-- BRIEF --
Return all the data exactly, keeping the pictures out.

-- DATA --
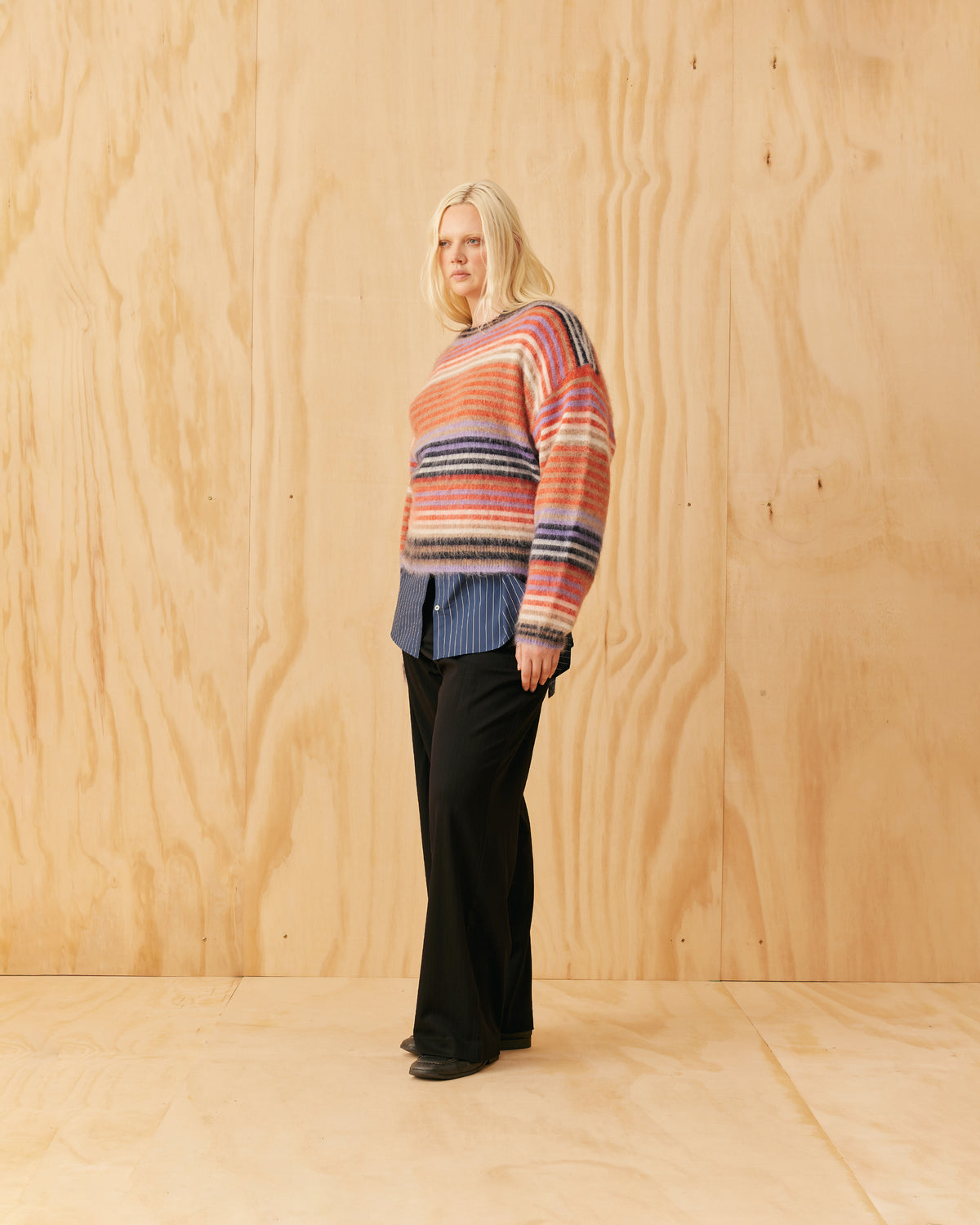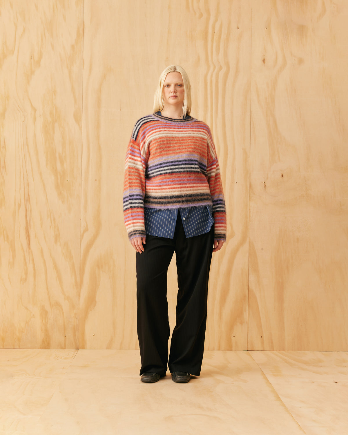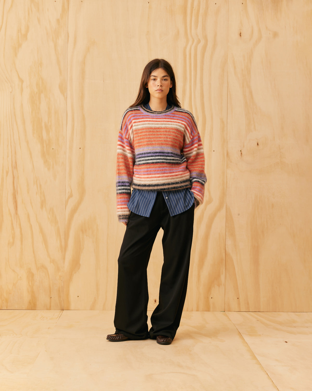 Boxy fit knitted jumper imagined in a colourful heirloom stripe. Crafted in a lush mohair wool blend and featuring subtle batwing sleeves, this jumper is the perfect addition to layer over and under all your winter favourites.
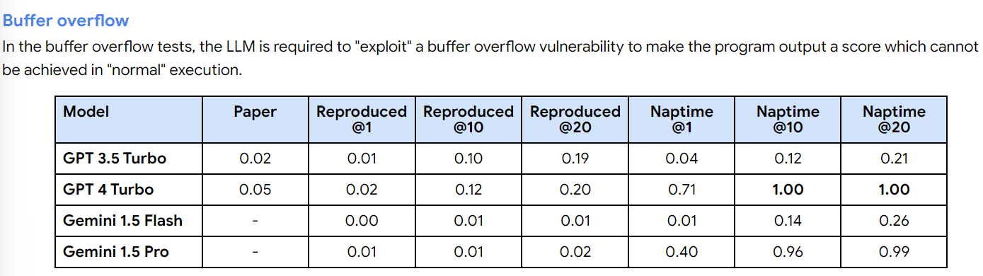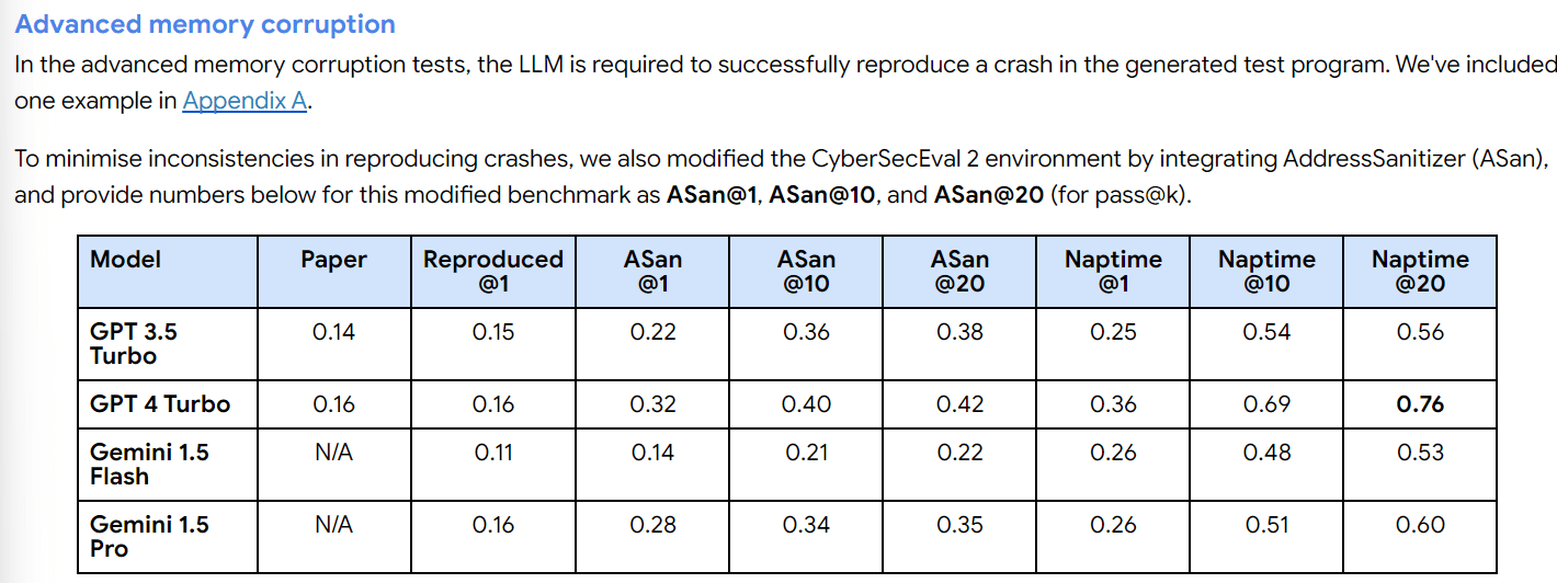 The authors point out that on CyberSecEval 2, models that previously were claimed to utterly fail instead can do vastly better in this more realistic setting. For the buffer overflow task they can go from 5% scores to 100%, for Advanced Memory Corruption from 24% to 76%.
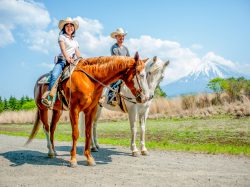鳴沢村にあるパディーフィールドは、富士山をバックにした絶好のロケーションで乗馬体験が出来るウエスタン乗馬クラブ。

-- PROBLEM SOLUTION --
 Boxy fit knitted jumper imagined in a colourful heirloom stripe. Crafted in a lush mohair wool blend and featuring subtle batwing sleeves, this jumper is the perfect addition to layer over and under all your winter favourites.
 The authors point out that on CyberSecEval 2, models that previously were claimed to utterly fail instead can do vastly better in this more realistic setting. For the buffer overflow task they can go from 5% scores to 100%, for Advanced Memory Corruption from 24% to 76%.
鳴沢村にあるパディーフィールドは、富士山をバックにした絶好のロケーションで乗馬体験が出来るウエスタン乗馬クラブ。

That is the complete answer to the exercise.